Labor Day tells the story of an escaped murderer who encounters young Henry and his mother Adele in a small town Walmart.  Injured and bleeding, he asks Henry and Adele to come home with them.  And Adele, who has her own problems, says sure.  Because she’s the kind of woman who would help a guy like him.  A big, scary-looking guy who’s on the run from police.  Sure, why not bring that guy home with your kid?

Adele is a recluse who’s afraid of the outside world, a hoarder who fantasizes about her days as a dancer. She’s kind to those who are outcasts but can’t relate to the rest of the world.  As a character she had my interest — I’m always sympathetic to the socially dysfunctional.  I also sympathized with the kid, who loves his crazy mother and hates the father that left her and created a new and better family.

Beyond that, this book was just silly.  Henry and Adele decide pretty quickly they want to keep him — and who wouldn’t?  The guy MAKES PIE.  Then they do an awful lot of stupid things like running errands and playing ball outside, even though the police have his picture plastered all over town.

Being tied up is sexy if you’re reading Shades of Grey, but bringing an escaped, bleeding convict to your house is definitely not sexy.

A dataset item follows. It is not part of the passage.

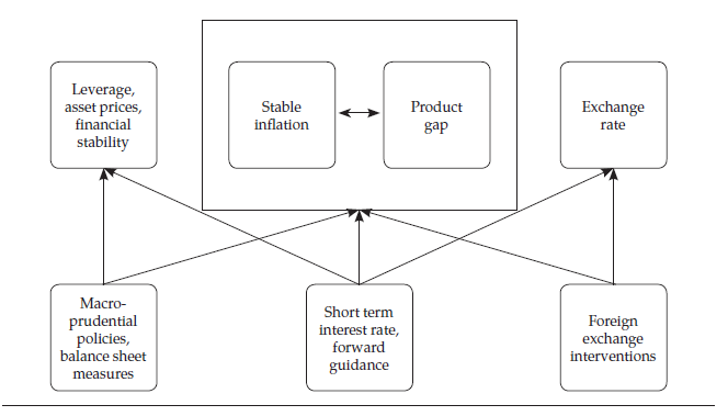 In conclusion, the link between inflation stability and product is not clear, and new objectives must be considered: asset prices, agents leverage, financial stability and exchange rate. According to this, new instruments are also needed: massive interventions in credit markets, macro-prudential policies to mitigate systemic risks, forward guidance to influence the future interest rate, interventions in the foreign exchange market and control over capital flows. Extending the scheme proposed by Blanchard et al. (2012), it could be affirmed that if the simple scheme in Figure 1 could be enough to represent the monetary policy before the great recession, now a more complete scheme, such as the one shown in Figure 2, would be necessary.

Oh, except he also fixes things, cooks dinner, ballroom dances, and teaches Henry to play baseball (like a good father would).  I get the message, that people aren’t always what they appear, and that sometimes “the outside world” is worse than the world you create for yourselves.  But still.

I’ve said before I don’t do “heartwarming”, and this book has heartwarming written all over it.  I suppose I should have known that from the beginning.  I expected layers and what I got was pie-baking as metaphor for life.  Sorry Kate, I’ll be passing on this one.